Tuesday 5 June, 2018

Ratification of the Marrakesh Treaty in New Zealand is now a step closer, after a draft Bill was released today for public consultation.

“The Copyright (Marrakesh Treaty Implementation) Amendment Bill means so much to our community and we are really happy to see it in its draft form,” says the Blind Foundation’s Chief Executive Sandra Budd.

Once passed into New Zealand law, the Bill will give people within the blindness community and those with print disabilities in New Zealand – estimated at 168,000 – wider access to information by making it easier to distribute and share a wider variety of copyrighted works in accessible formats amongst the countries who have joined the international treaty.

“The Blind Foundation’s accessible library is one of our most-loved services. Everyone deserves the right to access the same information and unfortunately, for those who are blind or have low vision, having access to information in a format they can read is a challenge worldwide. The Marrakesh Treaty will make a real difference to the wealth of material we can provide.

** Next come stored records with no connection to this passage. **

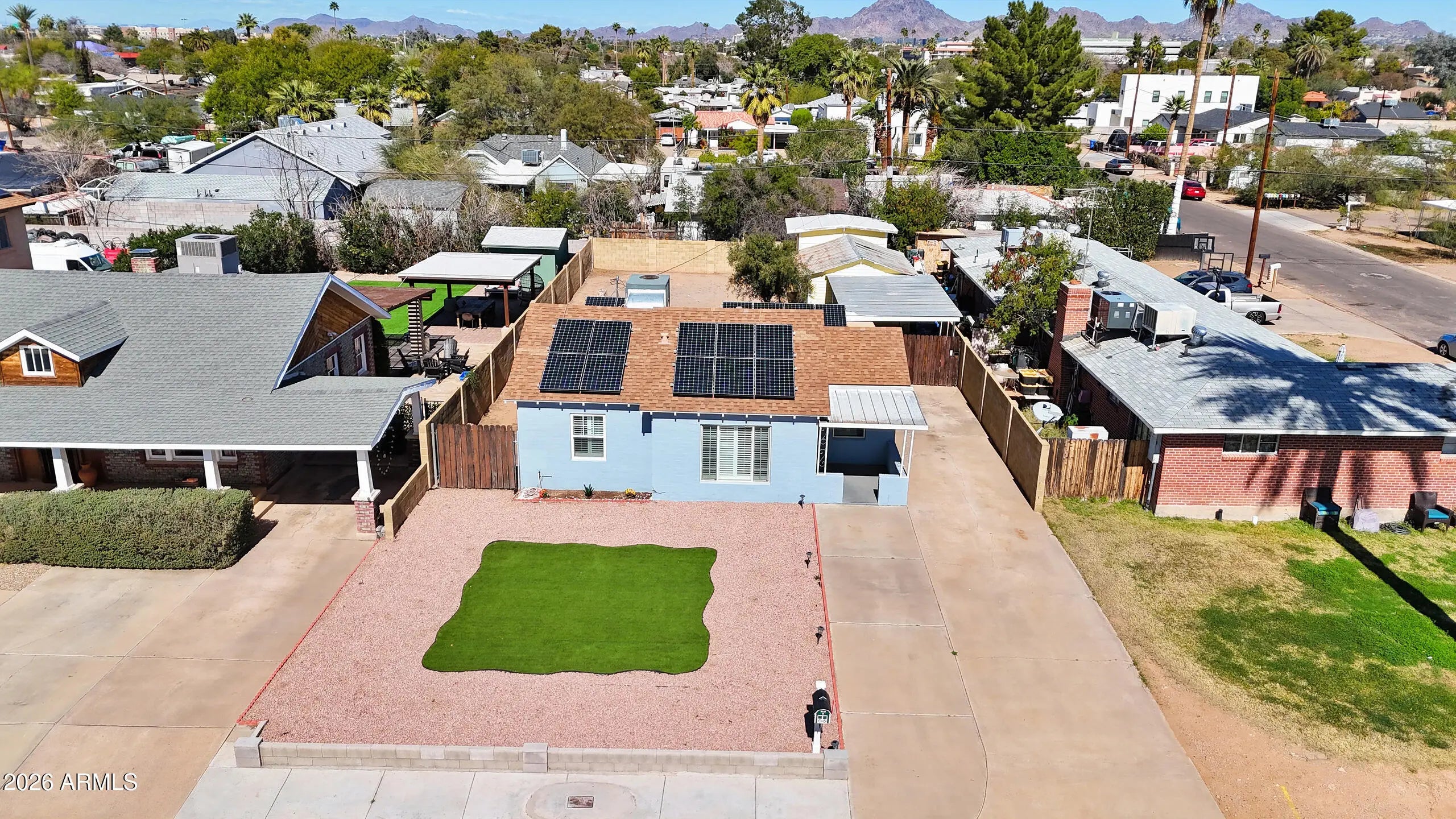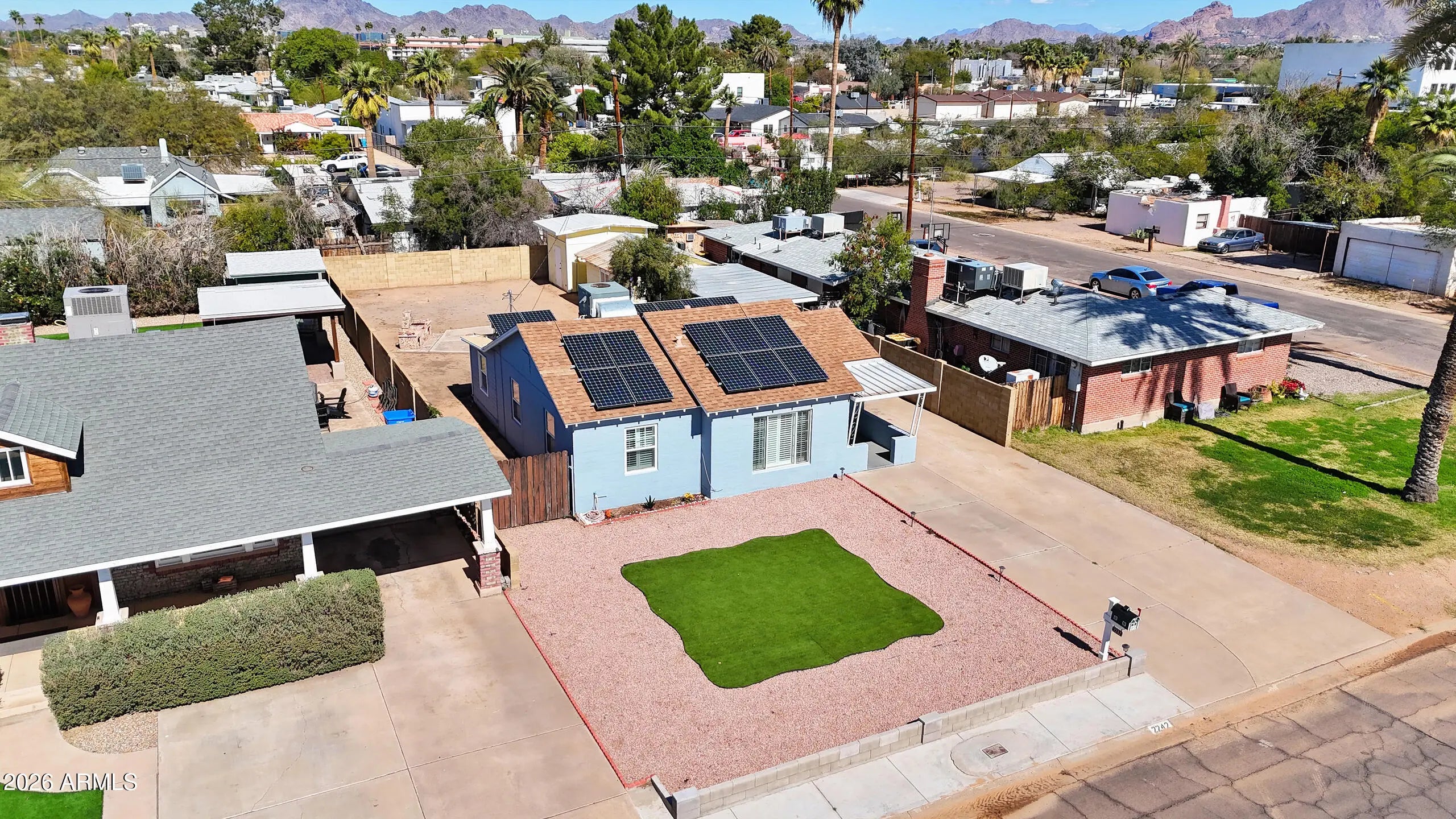 WOW! This midcentury charmer is ready for it's new owner. No HOA in the heart of eclectic DT Phx, this beauty has been lovingly elevated with quality materials & finishes w/ a modern kitchen, SS appliances, gorgeous quarts kitchen counters & tiled bathroom & shower. Vinyl plank throughout main areas & carpet in 2 bedrooms. Solar panels provide unbelievable energy savings! Enjoy easy access to downtown living at Chase Field, ASU DT, Phx Arena, dining, the arts, major freeways, all while having an oversized lot rarely found in a DT area. Tons of storage in the large shed & detached garage. Lg yard is ready for your personal touch. This turn-key property is full of personal touches and love! Explore this gem today!
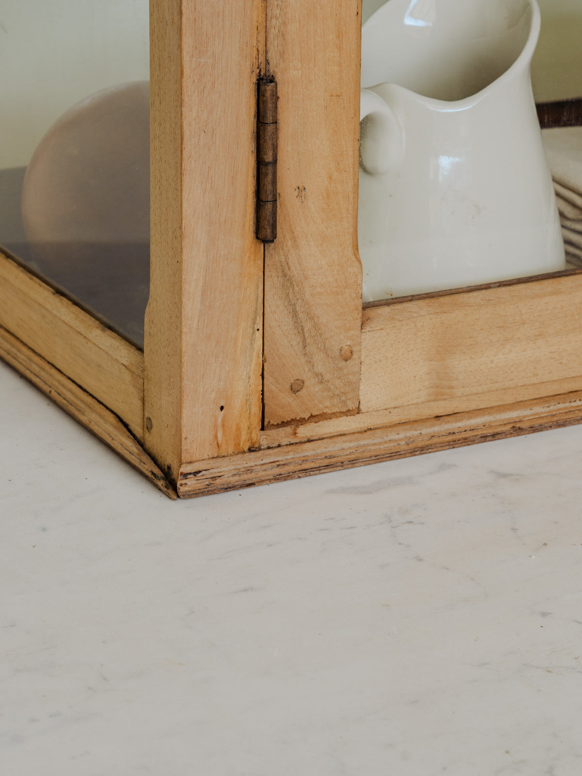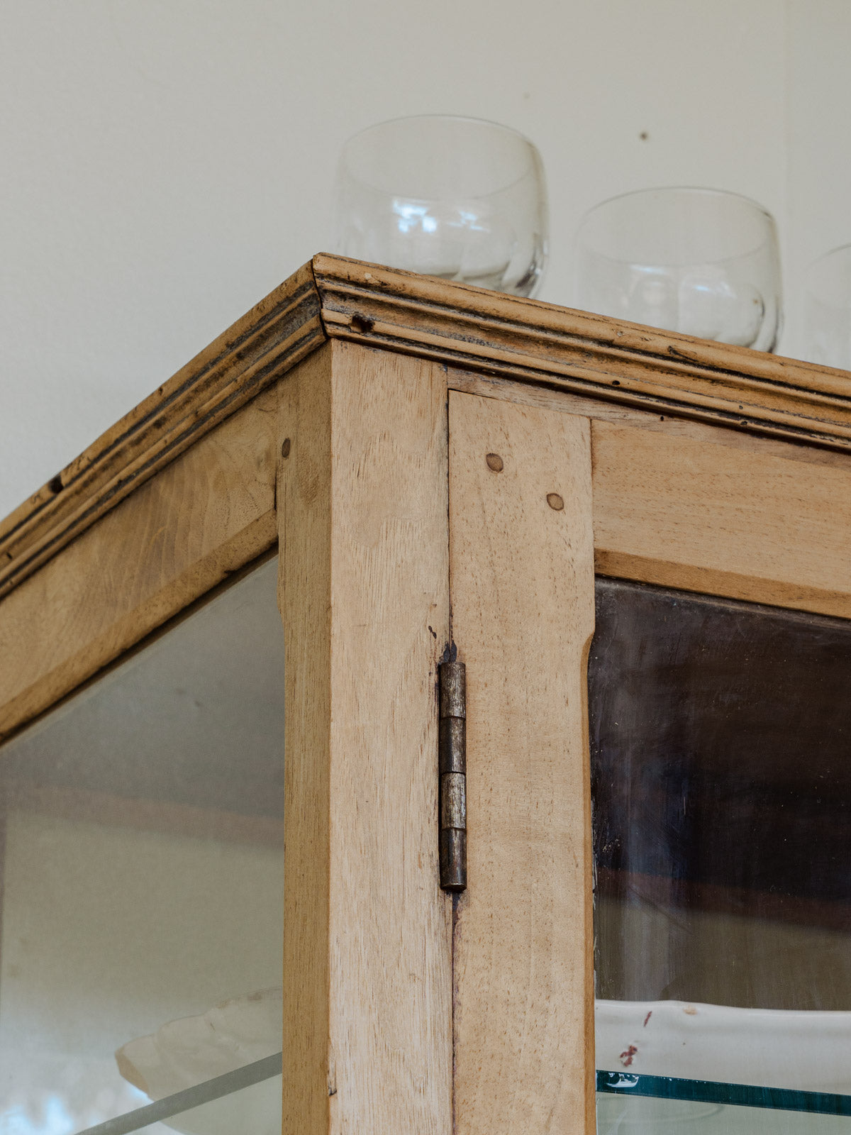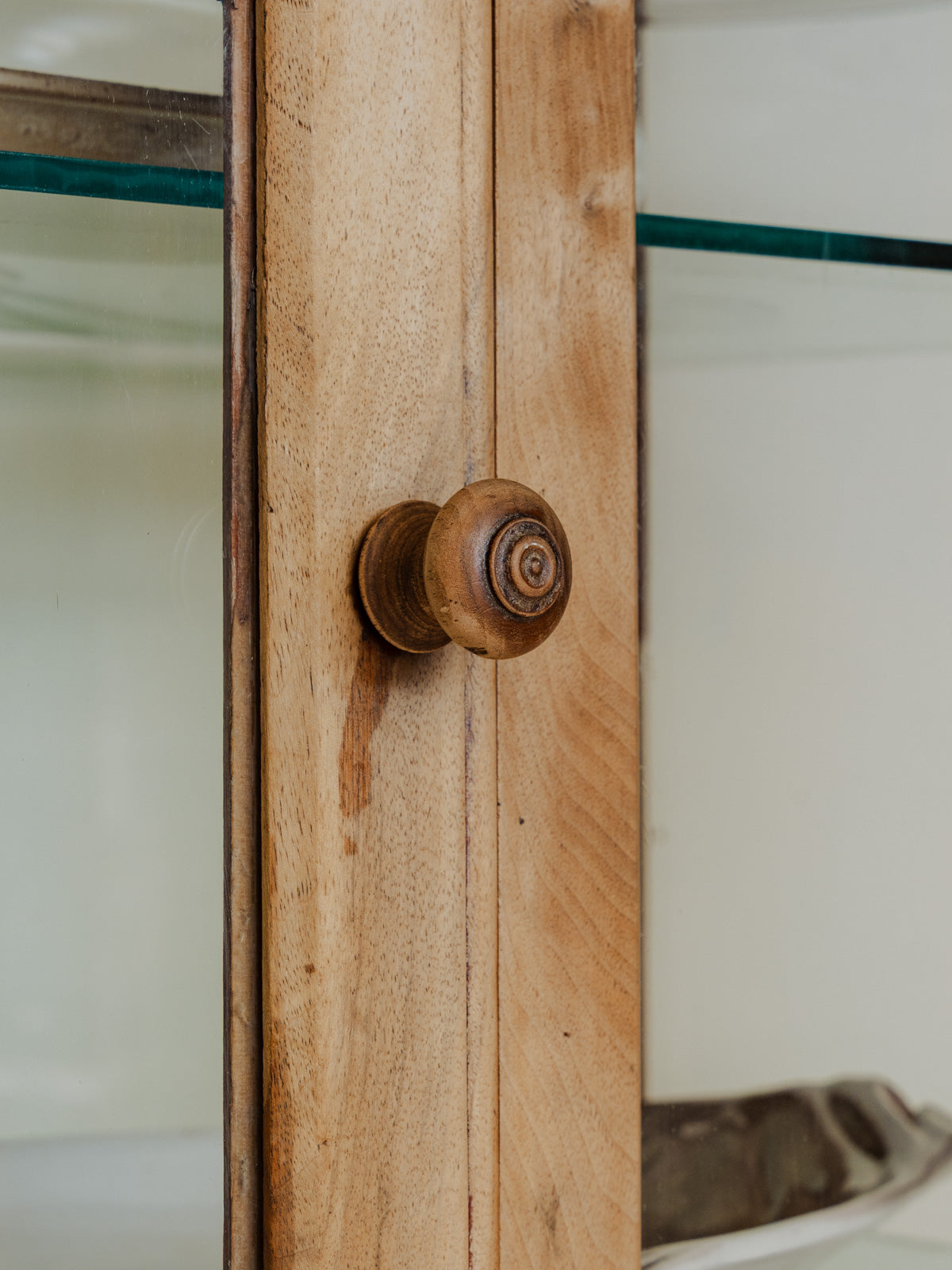 Enhance your interior with this display cabinet in light walnut, its warm grain and original wooden handle lending it authentic elegance. Its lockable closure and three adjustable glass shelves beautifully showcase dishes and decorative objects, while its proportions make it equally suitable for a living room or entryway. A few signs of wear only add to its charm.
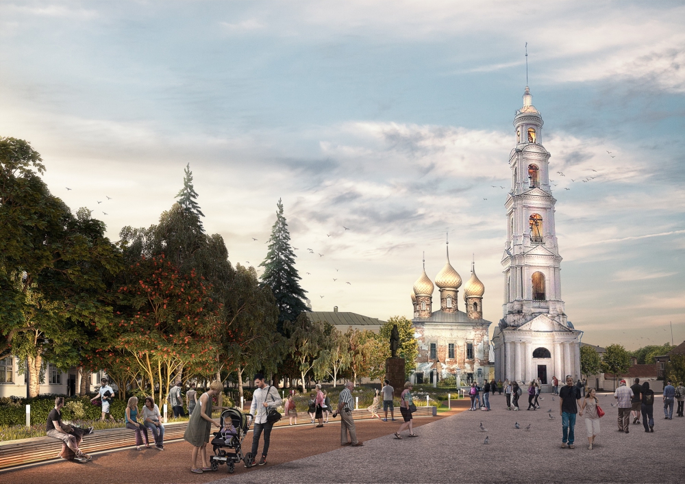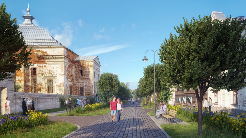 Историческую часть города объединила Георгиевская и Базарная площади, улица Советская, сквер памяти народного единства, территория у автостанции и набережная. На Георгиевской площади предусмотрено создание нового сквера, имитирующего утраченную Георгиевскую гору, а также установка новой стационарной сцены для проведения мероприятий. Эта территория должна превратиться в комфортное общегородское пространство, стать местом притяжения людей, удобной площадкой для проведения общегородских праздников различного масштаба. Прилегающую к Георгиевской площади улицу Советскую предлагается сделать главным променадом города с местами отдыха. На Базарной площади – главной торговой площадке города – предлагается сохранить и отреставрировать имеющийся павильон, а также установить новый. Это, по мнению специалистов КБ «Стрелка», позволит возродить исторический облик площади.
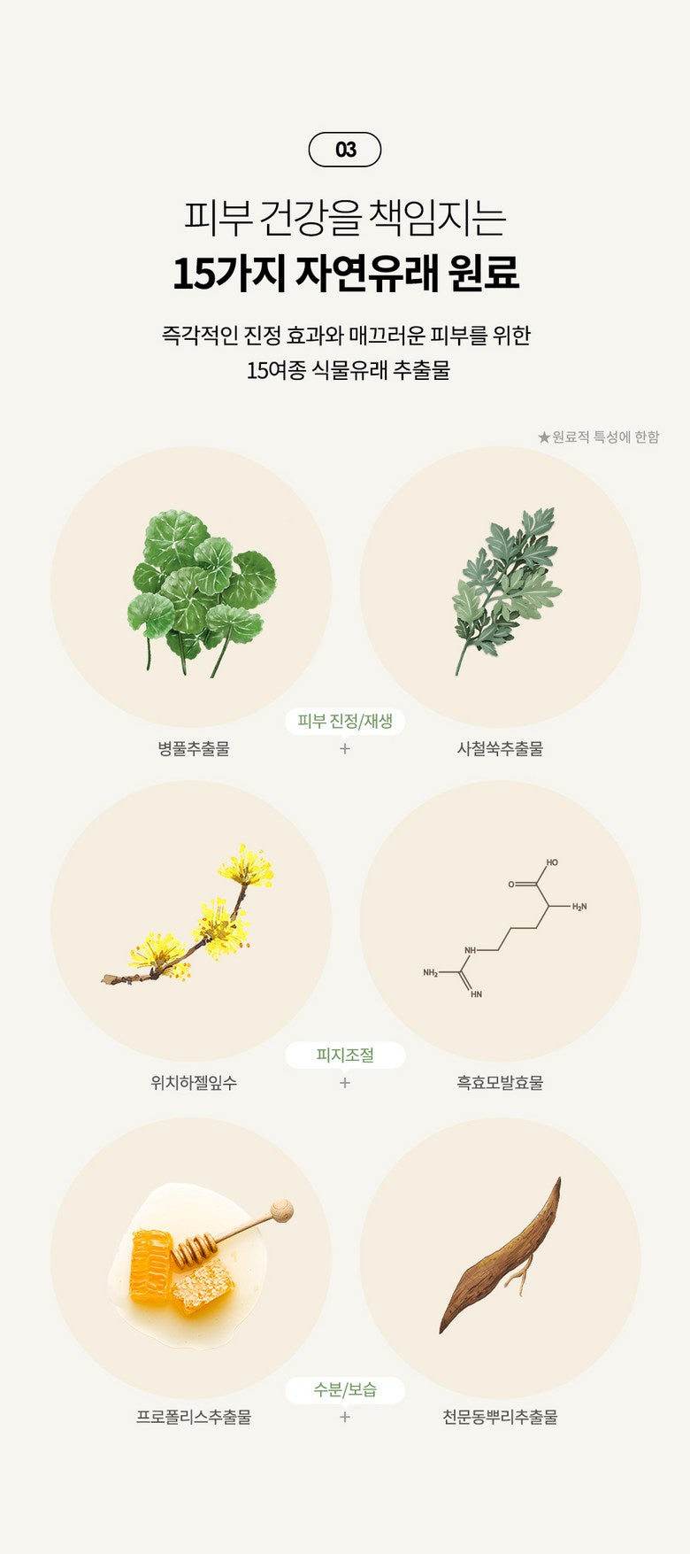 - Soothing & Regeneration: Centella Asiatica Extract, Mugwort Extract
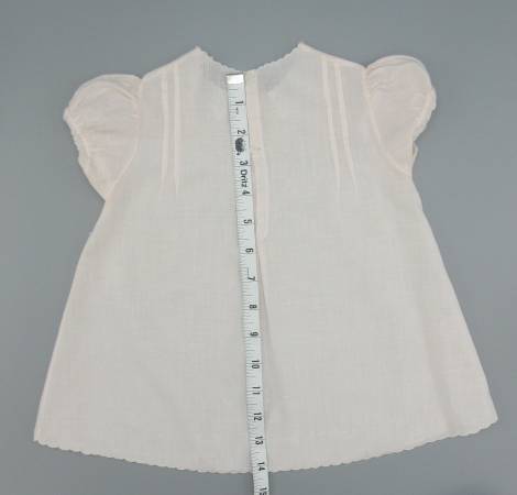 This is a vintage infant brand girl’s dress from the 1950’s. It is tagged, “Made in the Philippines”. The fabric content is cotton. There are several small marks on the dress; it is in otherwise excellent condition. Please view the photographs for documentation.
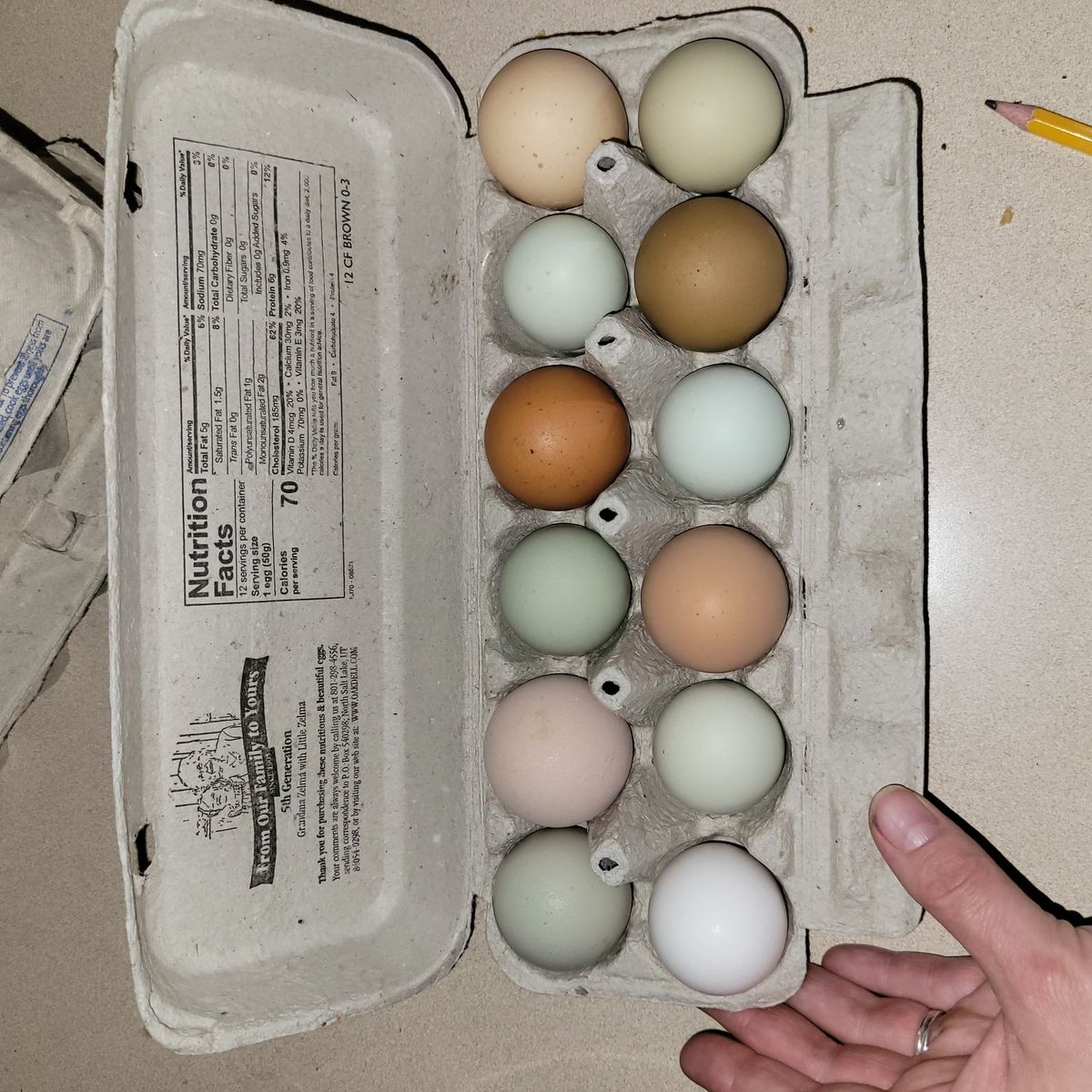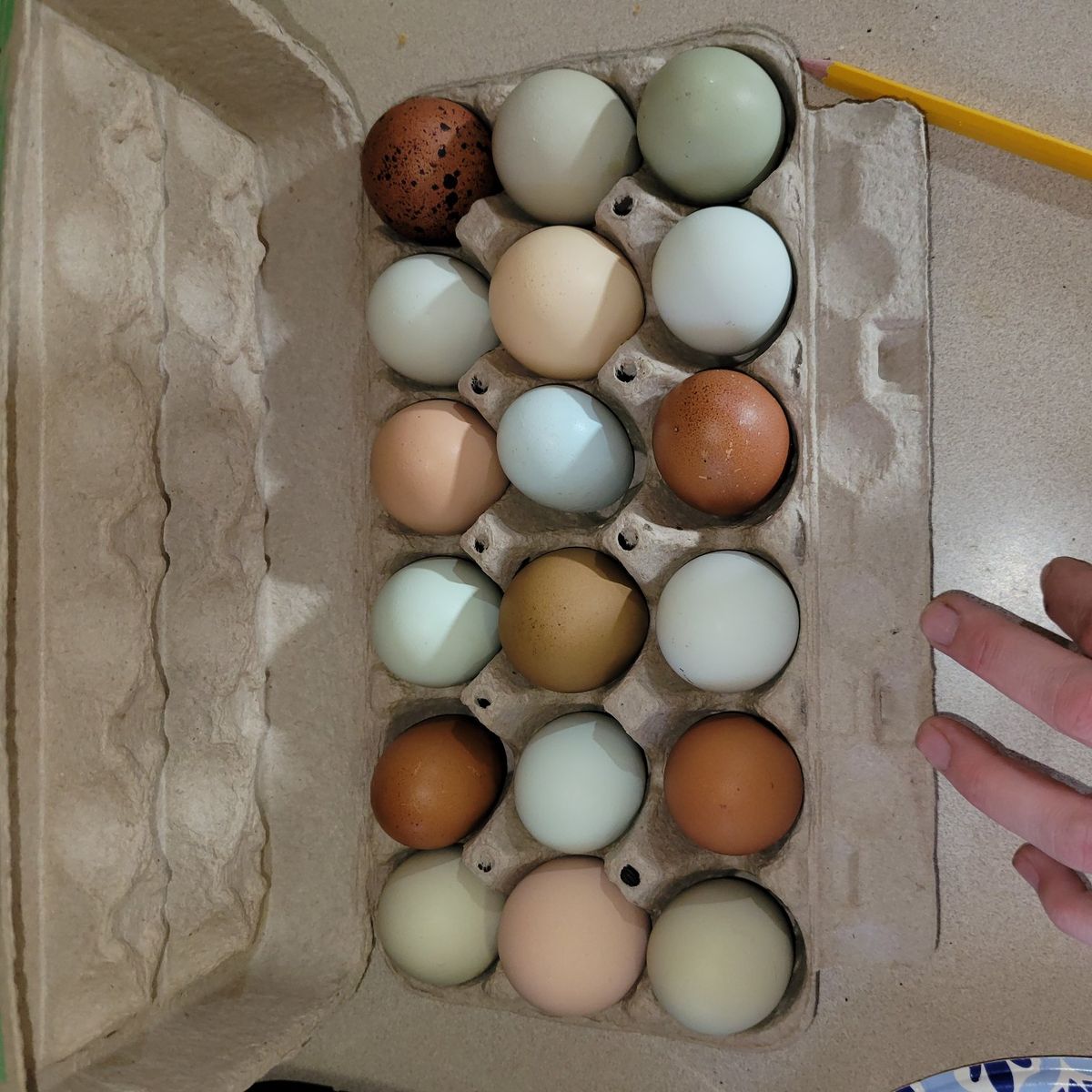 Delicious farm fresh eggs available! Much more nutrient dense and tasty than your average store bought eggs! My hens free range 2-3 times a week on our 3 acre lot. Are fed fresh table scraps and treats! & their feed is from a local mill in Spanish fork!

“In the information age, we know too well that by unlocking access for our community, we are strengthening how we can overcome other challenges people with blindness or low vision might face including education, employment and social inclusion. This progress is significant,” says Budd.

The Blind Foundation has also recently extended its library service to serve all Kiwis with print disabilities, and looks forward to the opportunities for expansion the Marrakesh Treaty will provide.

“We have been working closely with Blind Citizens NZ in supporting the ratification of the Marrakesh Treaty. On behalf of the blind sector I would like to thank the New Zealand government for their continued progress in making the treaty a reality,” says Budd.